There were rumors of a great force coming, but no one knew where it would strike. Jackson learned it first from the Pirate Jean La Fitte, and that pirate’s story and the gallant fight his crew made handling a battery of guns at New Orleans is a story in itself.

Jackson decided to act. He wrote to the Secretary of War, “If the hostile Creeks have taken refuge in Florida and are there fed, clothed and protected; if the British have landed a large force, munitions of war and are fortifying, and stirring up the savages, will you not say to me, raise a few hundred militia, which may be quickly done, and with such regular force as can be conveniently collected make a descent upon Pensacola and reduce it? If so, I promise you the war in the South shall have speedy termination, and English influence be forever destroyed with the savages in this quarter.”

Jackson received an answer six months later, full of sound and meaning nothing, or, if anything, that he mustn’t do it. In the meanwhile he had done it, for the British became bolder, threw off all restraint, and prepared to sally from the neutral port of Pensacola to take Mobile. Jackson sent back to Tennessee through the wilderness for his old fighters. And they came, so eager to fight again under their idolized leader that many paid as high as eighty dollars for the privilege of being substituted for those who could not go. Jackson wrote again and again to the Secretary of War, imploring him, lecturing him: “How long will the United States pocket the reproach and open insults of Spain?... Temporizing policy is not only a disgrace but an insult to any nation.... If permission had been given me to march against this place twenty days ago I would ere this have planted the American eagle; now we must trust alone to our valor and the justice of our cause.” And after a long series of correspondence with the two-faced Spanish governor, Jackson ended his talk with him: “In future I beg you to withhold your insulting charges against my Government for one more inclined to listen to your slander than I am; nor consider me any more as a diplomatic character, unless so proclaimed to you from the mouth of my cannon.”

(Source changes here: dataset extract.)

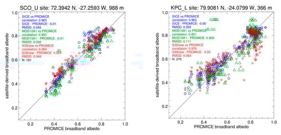 We validate broadband albedo measured in the 0.3–2.4 micron wavelength range using ground measurements from fifteen Programme for the Monitoring of the Greenland Ice Sheet (PROMICE) automatic weather stations, with albedo data already described with more detail in [6]. In comparisons presented here, the closest hourly observations are considered. Occasionally for northern sites (KPC_L, KPC_U), there are multiple comparisons each day. Clear sky conditions are estimated from downward longwave irradiance data after [6]. A total of 4,146 individual comparisons are made. The PROMICE BBA data include a correction for measurement platform obstruction of the radiometer field of view [14] that increases average PROMICE albedo by 0.034.

It was now in early fall. The Tennesseans under Coffee and Carroll were pouring down South to him, past the old battlefields of the Creeks, now an open road to Mobile and New Orleans.

Before they arrived he had strengthened Mobile, and the immortal Lawrence had fought them off from Fort Bowyer, killing 162, wounding the vaunting Colonel Nichols himself, and sending them crestfallen back to Pensacola.

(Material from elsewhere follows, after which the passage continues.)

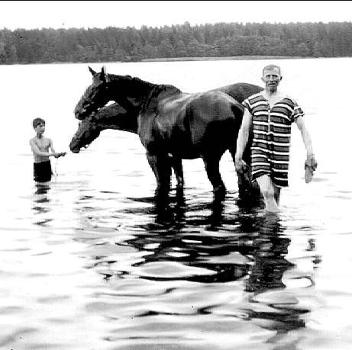 Vid Örlen i Fagersanna. Bad även för hästarna efter en varm marshdag.

Then, from La Fitte, whom the British had attempted to bribe, he first knew that New Orleans would be attacked, and he waited no longer. He marched on Pensacola and took it, and the English fleet and army vanished at the first thunder of his guns.

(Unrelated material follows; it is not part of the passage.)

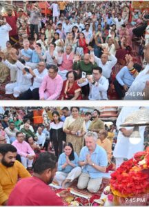 हरिद्वार। अंतर्राष्ट्रीय योग दिवस के अवसर पर मेक्सिको, फिजी,नेपाल, सूरीनाम, मंगोलिया, लातविया, श्रीलंका और रूस के राजनयिक व अन्य उच्च अधिकारियों के साथ ही उत्तराखंड सरकार की ओर से उपाध्यक्ष उत्तराखंड राज्य आपदा प्रबंधन विनय रुहेला सहित अन्य अधिकारियों ने हरकी पौड़ी पहुंचकर गंगा आरती में प्रतिभाग किया तथा मां गंगा की आरती की।

But where? To New Orleans, where their great fleet on the high seas was now headed—a fleet with a convoy of ten thousand fighting British. And Coffee and his Tennesseans still in the wilderness!

November 25th, 1814. Good news! Coffee and his Tennesseans are at Mobile. But that is not New Orleans, and a hundred miles of wilderness lie between.

Jackson reached New Orleans December 2d. I hesitate to try to picture him as he appeared to the gay, well fed, well bred people of that Creole town. Chronic dysentery since two years before, terrible in its pains and griping on his nerves and temper.